I linked to it from my blog:

http://www.powerpivotpro.com/2011/09/powerpivot-refresh-thru-vba-at-last/


----------



## ellenl5974

Thanks for the reply.  For the back story, I built the entire file using PowerPivot exclusively:  loved the ability to define relationships, much more database functionality.  But then, I came across the refresh problem.  While searching for a solution, I came across a few articles that mentioned that PowerPivot is really meant to be used with SharePoint files, etc.  I was just employing it within my own sheet to increase the database functionality.  That's when I started redesigning the entire sheet to be solely Pivot Table.
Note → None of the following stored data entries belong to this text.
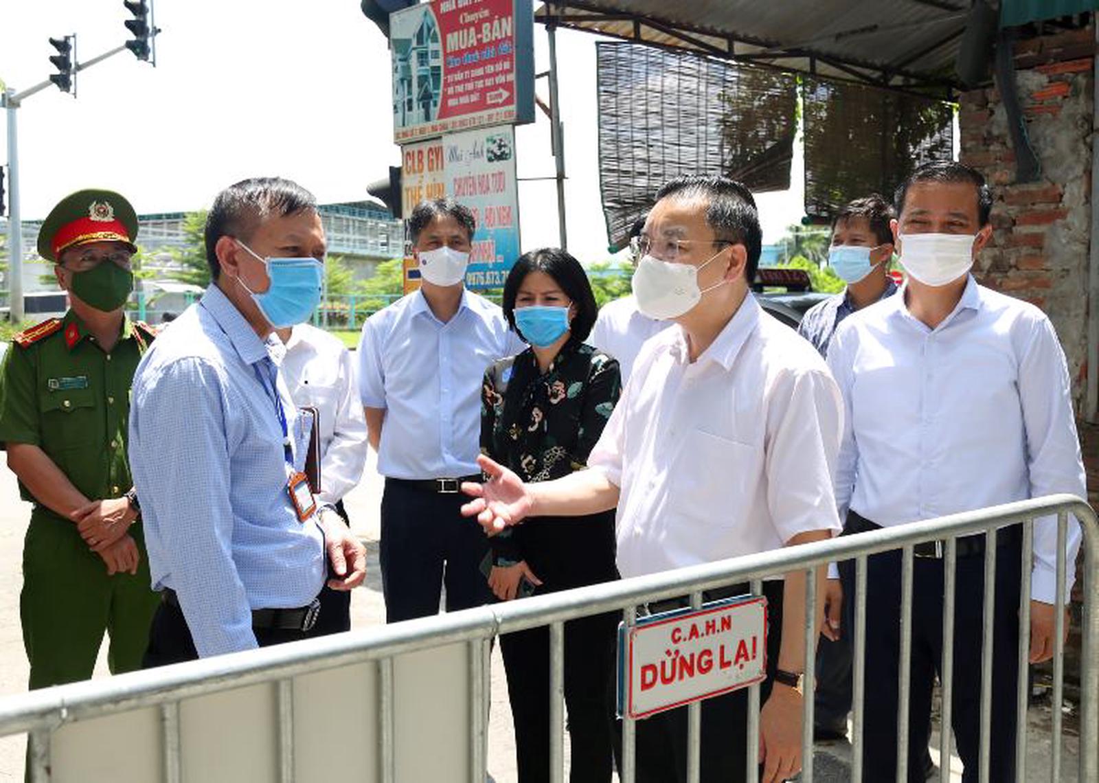 Chủ tịch TP Hà Nội Chu Ngọc Anh đi kiểm tra công tác phòng, chống dịch Covid-19 trên địa bàn. Ảnh: PV
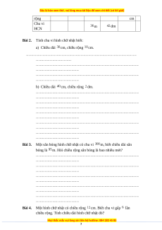 Bài 4. Một hình chữ nhật có chiều dài cm, chiều rộng bằng chiều
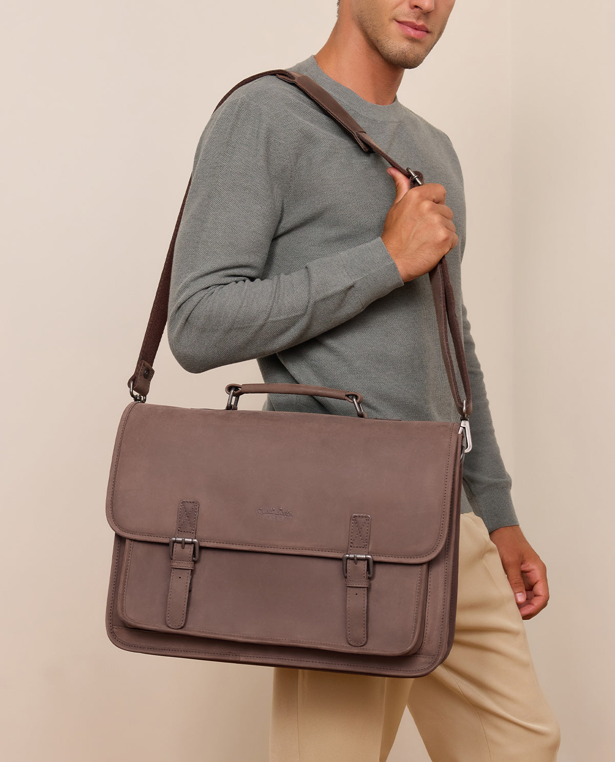 Without a doubt, "Elmar" has everything you expect from a leather shoulder bag: the classic look combined with a subtle finish – depending on the color, in a trendy used look or in timeless elegant smooth leather. This makes "Elmar" equally suitable for a casual workday as well as for the upcoming big business meeting. And for those who are still not convinced by "Elmar", this classic briefcase made of high-quality processed leather will impress at the latest with its enormous and generous space thanks to the numerous compartments.
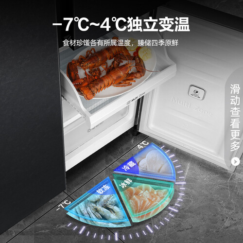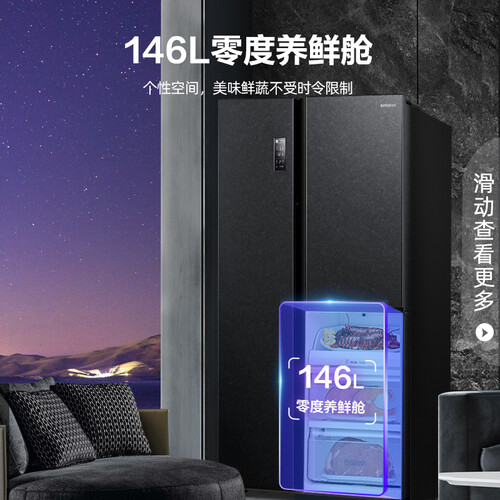556大容量设计,多层抽屉,提高空间利用率,可根据食物属性分类存放。电脑控温系统实现多种循环调温,老人在家也可上手操作。
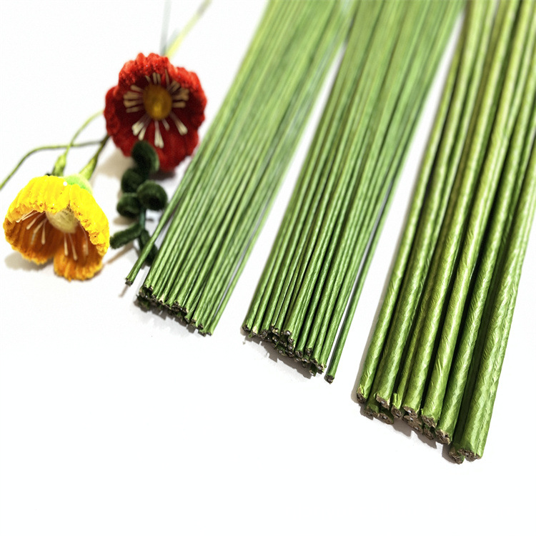 厂家直销绿色纸包花杆玫瑰百合花杆花杆铁丝批发仿真花杆花艺铁丝
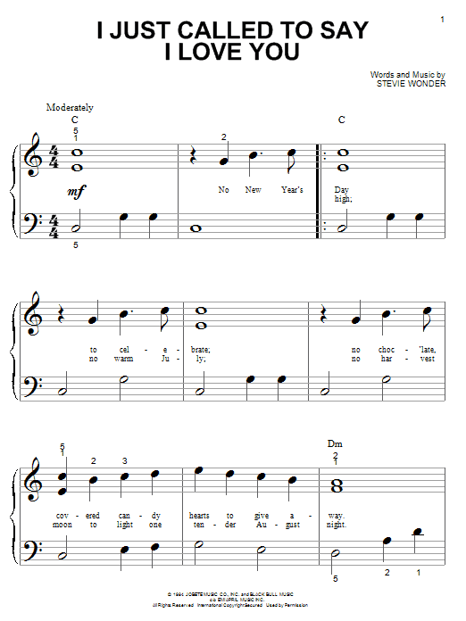 Quick facts I Just Called To Say I Love You about digital sheet music
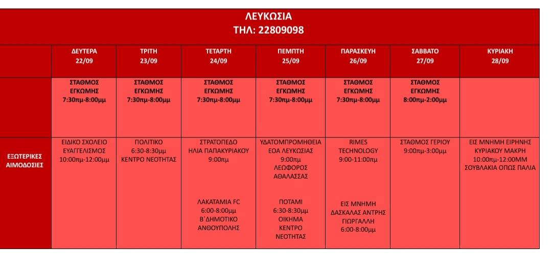 Ανακοινώθηκε το εβδομαδιαίο πρόγραμμα αιμοδοσιών στη Λευκωσία, από το Κέντρο Αίματος Κύπρου/Αιμοδοσία-Cyprus Blood Establishment/Blood Donation.
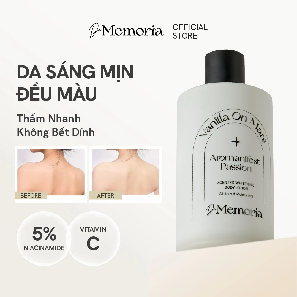 Dưỡng Thể Trắng Da Hương Nước Hoa De Memoria Scented Whitening Body Lotion 300ml – Dưỡng Ẩm, Sáng Da, Lưu Hương 8 Giờ
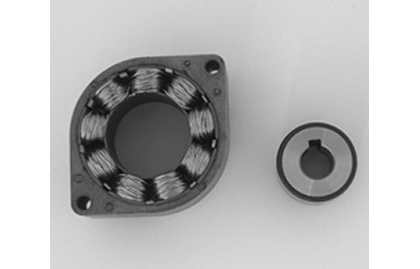 (1)定子(左)和转子(右)。绕组方式不是分布式,一般为集中式绕组。转子表面的永久磁铁为钕磁铁。
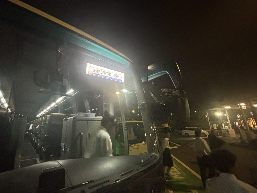 トイレ休憩の後、菩提寺パーキングエリアを出発しました。学校到着予定時刻は、午後8時15分頃です。
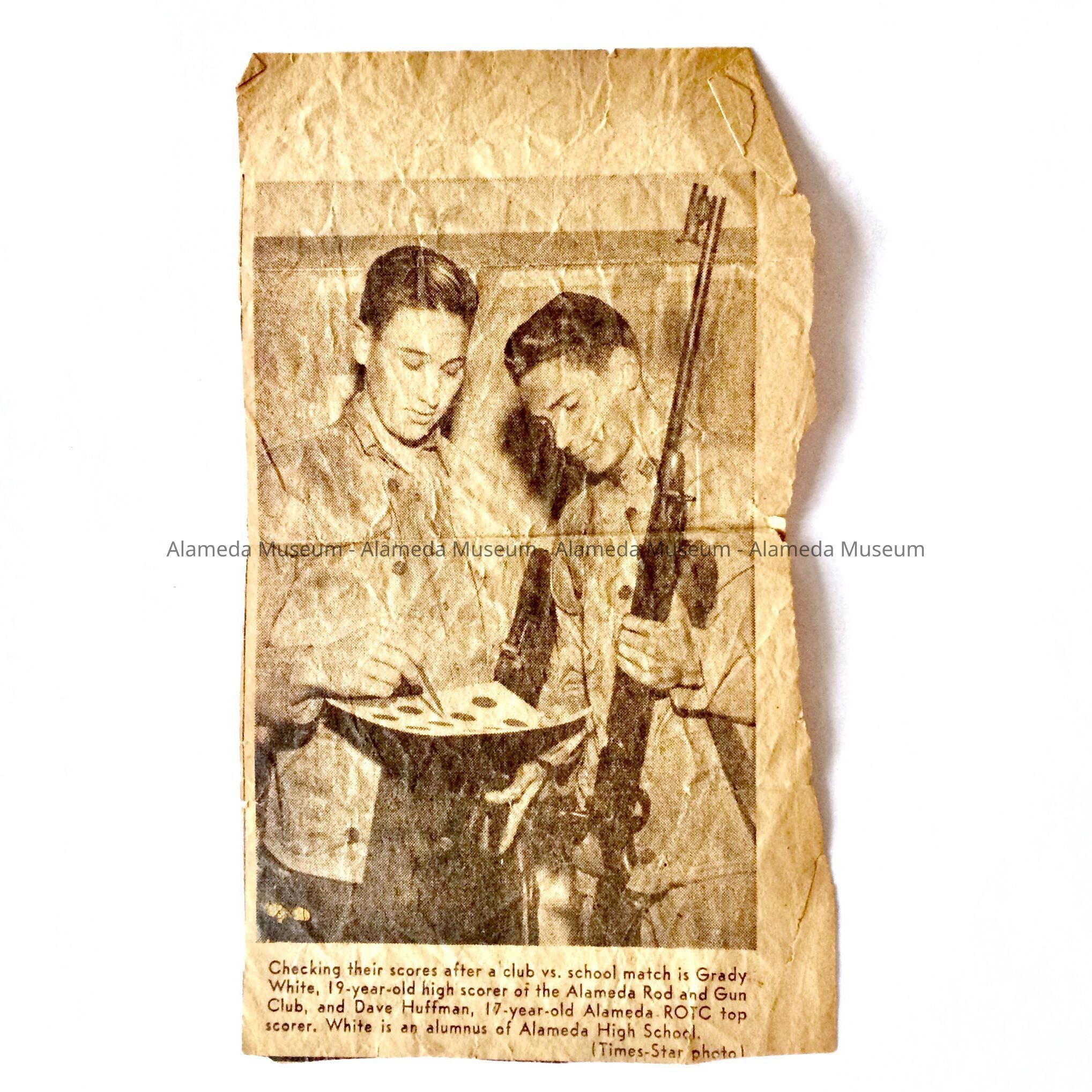 Clipping with photo of Grady White, High scorer Alameda Rod and Gun Club, c. 1948Entry/Object ID
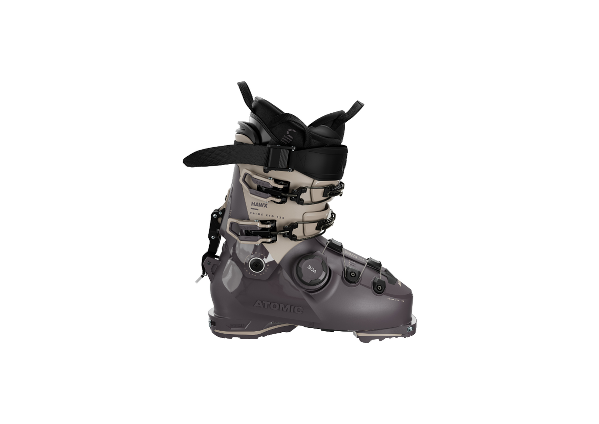 The Atomic Hawx Prime XTD 130 BOA is a high-powered, medium-volume crossover boot built for backcountry touring and all-mountain skiing. It has features designed for walkability and ease of movement in a hard-flexing shell. Prolite keeps the build slim yet stiff with power reinforcements for strong downhill skiing. With a medium 100mm last, this boot has BOA® Fit System, a micro-adjust dial that wraps the lower shell around the foot for increased comfort. Mimic technology paired with a best-in-class Mimic Elite liner with Power Ankle Lock (PAL) offers superior long-term heel hold and next-level customization potential through heat molding. In-store Memory Fit can heat-mold your shell and cuff for an anatomical fit in minutes. Reposition the Adaptive Fit System (AFS) Tongue to fine-tune the fit over your foot and shin, and the AFS Cuff spoiler can be removed to add volume inside the shell. Free/Lock 4.5 is a robust ski/walk mechanism that securely locks the cuff to the shell, and 54° range of motion in the cuff means steps uphill come with ease.
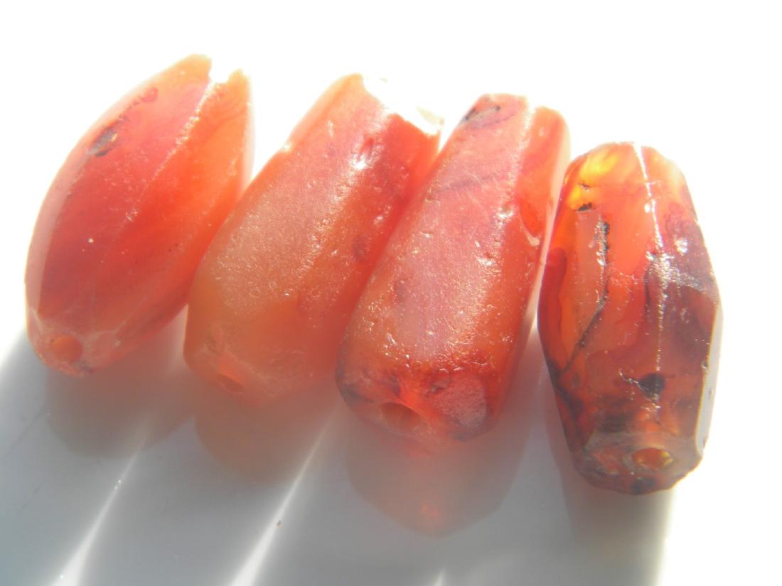 Four Ancient Western Asiatic Decorated Carnelian dZi BeadsDimension: 7.3x6.7x3mm New - Produced within the last 20 years Vintage - Over 20 years of age but less than 100 years of age Antique - Over 100 years of age but less than 500 years of age Ancient - OvSee Sold Price
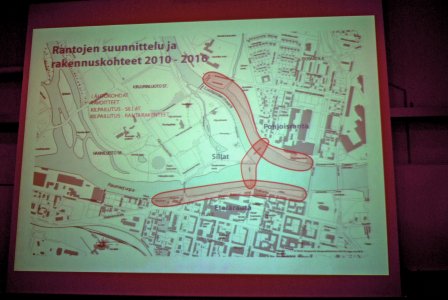 ![]() Porin kaupunkisuunnittelupäällikkö Olavi Mäkelä alusti illan aiheen ja esitteli muutamia visioita alueen kehittämiseksi. |
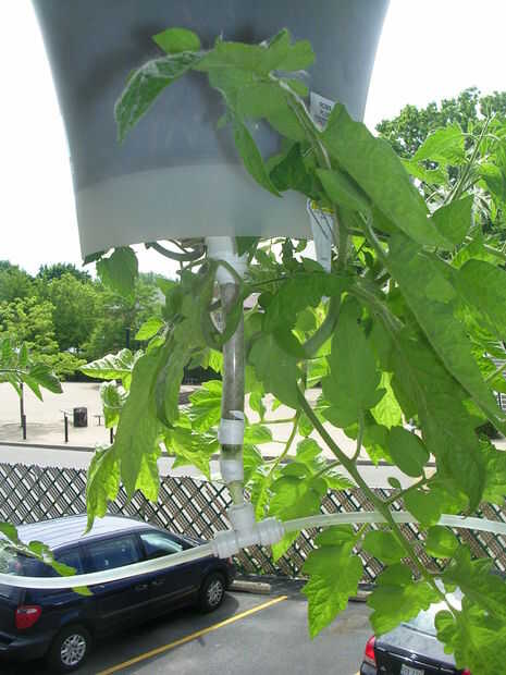 Mi sistema tiene cuatro macetas y un depósito. Hay una manguera desde el embalse que se extiende horizontalmente debajo de las macetas. Cada plantador tiene una manguera en la parte inferior que es grasa lo suficiente como para contener la mecha. Esta manguera se conecta a la manguera horizontal. La mecha es cerca de 10 pulgadas de largo con la mitad de ella en la manguera y la mitad dentro de la maceta. Hice el depósito de una sección larga de 4' 4" de diámetro del tubo de PVC.
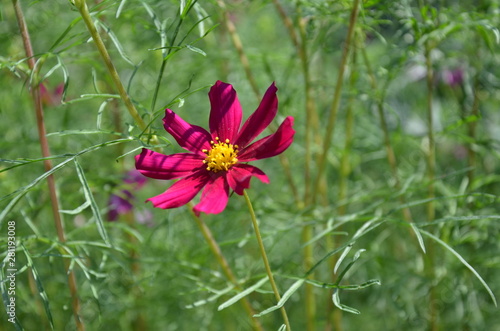 Flower with pink petals on a background of green garden

Thanks for the link to the solution.  It may be a bit beyond my abilities.  I may just have to settle for writing extensive instructions to go with my workbook.  

Thanks!
Ellen


----------



## ellenl5974

BTW, great blog!  I have been haunting it for a while.  Brilliant insight.


----------



## powerpivotpro

Make no mistake:  I am a HUGE fan of using PowerPivot with SharePoint.  It opens a lot of new doors.

But those benefits are all purely NEW benefits.  They are not things you get with normal Excel, either.

So with the exception of the "no VBA refresh" issue we're covering here, and perhaps the requirement of XL2010 + the addin installed, I can think of no downsides of using PowerPivot vs. regular pivots.  It has been all pure "win" for me, even on the desktop, without SharePoint.

So I'd urge you to use PowerPivot whenever it seems like it will help you - you shouldn't have to spend any more time in VLOOKUP-land 

And thanks for the kind words about the blog


----------